At times some of the best efforts behind the best causes are unassuming and subtle. Walk into Wesley Owens Coffee & Cafe and it’s unlikely you’d notice one of the greatest things that local coffee is achieving on the global scale.

The cafe itself is a superb location for those long study sessions or bookclubs or sourcing hard-to-find UK treats. Current owners Fabian and Lindsey Leite hail from South Africa by way of London, and British influences throughout the cafe are hard to miss. However, what the baristas will gladly tell you is that they are the sole location serving Global Grounds Coffee. And each bag of coffee subtly states: “A portion of sales donated to fight human trafficking.”

Global Grounds has chosen to look beyond the local coffee scene, even beyond the coffee industry as a whole, and turn their attention to a larger metanarrative at the global scale. For half a decade, Global Grounds has been donating a portion of their proceeds to the fight against human trafficking. By partnering with Exodus Road, further resources are being funneled into the work of “gathering evidence, utilizing technology, supporting locals, and facilitating rescue missions.” Since their inception in 2012, Exodus Road has worked in four countries, rescued more than 1,300 survivors and seen 647 perpetrators arrested.

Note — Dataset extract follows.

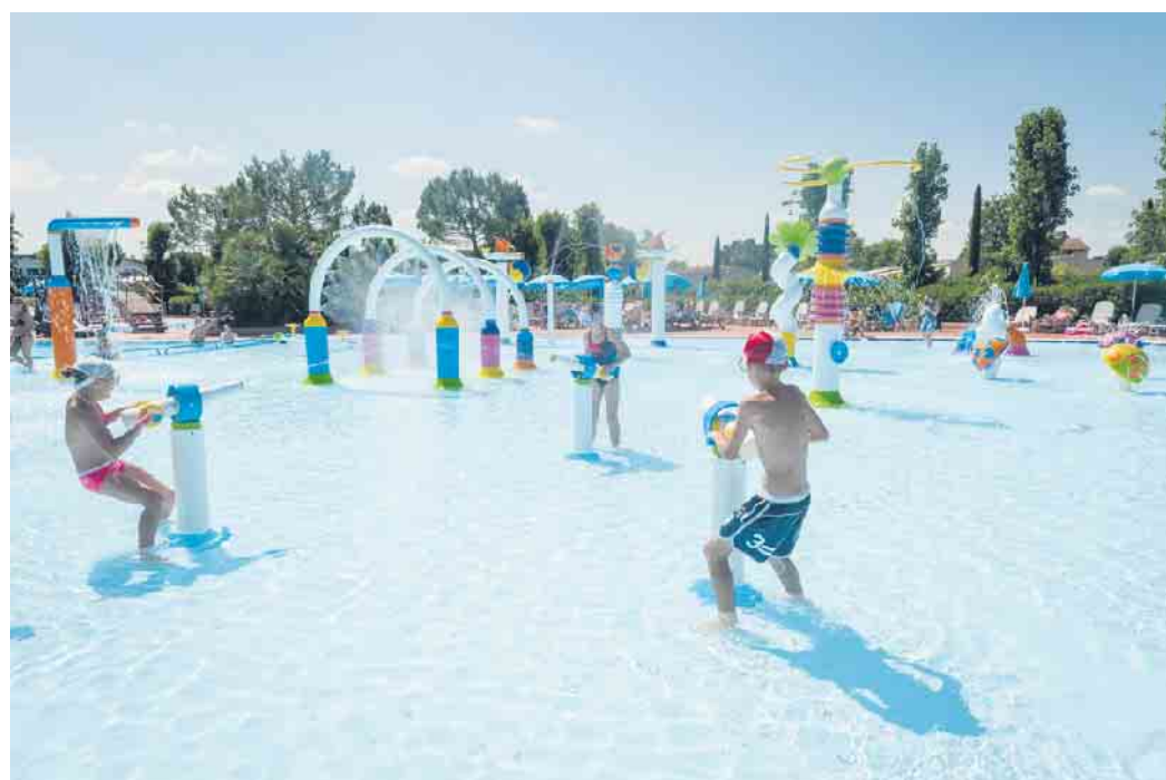
Die meisten Kinder lieben den Spaß mit und im Wasser. Jedes Kind sollte die Chance erhalten, Schwimmen zu lernen.

Neben Verkehrsunfällen zählt Ertrinken zur häufigsten Art tödlich verlaufender Unfälle im Kindesalter. Aber auch die hohe Zahl der „Beinahe-Ertrinkungsfälle“ führt nicht selten zu schwerwiegenden gesundheitlichen Folgen. „Früh schwimmen zu lernen, gehört damit zum wichtigsten Schutz vor Unfällen im Wasser“, erklärt Peter Harzheim vom Bundesverband Deutscher Schwimmmeister und empfiehlt, dass Kinder bereits im Vorschulalter damit beginnen sollten, schwimmen zu lernen. In vielen Schwimmbädern werden spezielle Kinderschwimmkurse angeboten. Mit dem „Seepferdchen“-Abzeichen erhalten Kinder dort einen ersten Anreiz, sich intensiver mit dem Schwimmen zu beschäftigen. Als sichere Schwimmer gelten sie damit allerdings noch nicht. Erst nach einer erfolgreich bestandenen Prüfung des Deutschen Schwimmabzeichens in Bronze, Silber oder sogar Gold, steht einem sicheren Vergnügen im Schwimmbad nichts mehr im Wege. Je höher die Stufe des Schwimmabzeichens ist, umso sicherer können auch die verantwortlichen Aufsichtspersonen bzw. auch die

Such success is to be admired. Many visionaries, such as Matt and Laura Parker of Exodus Road, Rob Morris of Love 146 and Gary Haugen of International Justice Mission, have sacrificed and risked much in the pursuit of justice and equity for the oppressed and marginalized.

Contrary to common thought, such world changing work is not necessarily beyond the scope or ability of us “everyday” “common” folk. Sipping our coffee and enjoying a seasonal muffin may not seem life changing (although that pumpkin muffin at Wesley Owens Cafe is excellent), but when the right people are involved along the supply chain, the many small decisions of many contributing individuals can and will aggregate into a global impacting difference.

So, while you may not be able to relocate to Southeast Asia to fight the exploitation of boys and girls in the gruesome sex trade, you can play your part in patronal support of small businesses with large visions like those of Wesley Owens, Global Grounds and Exodus Road.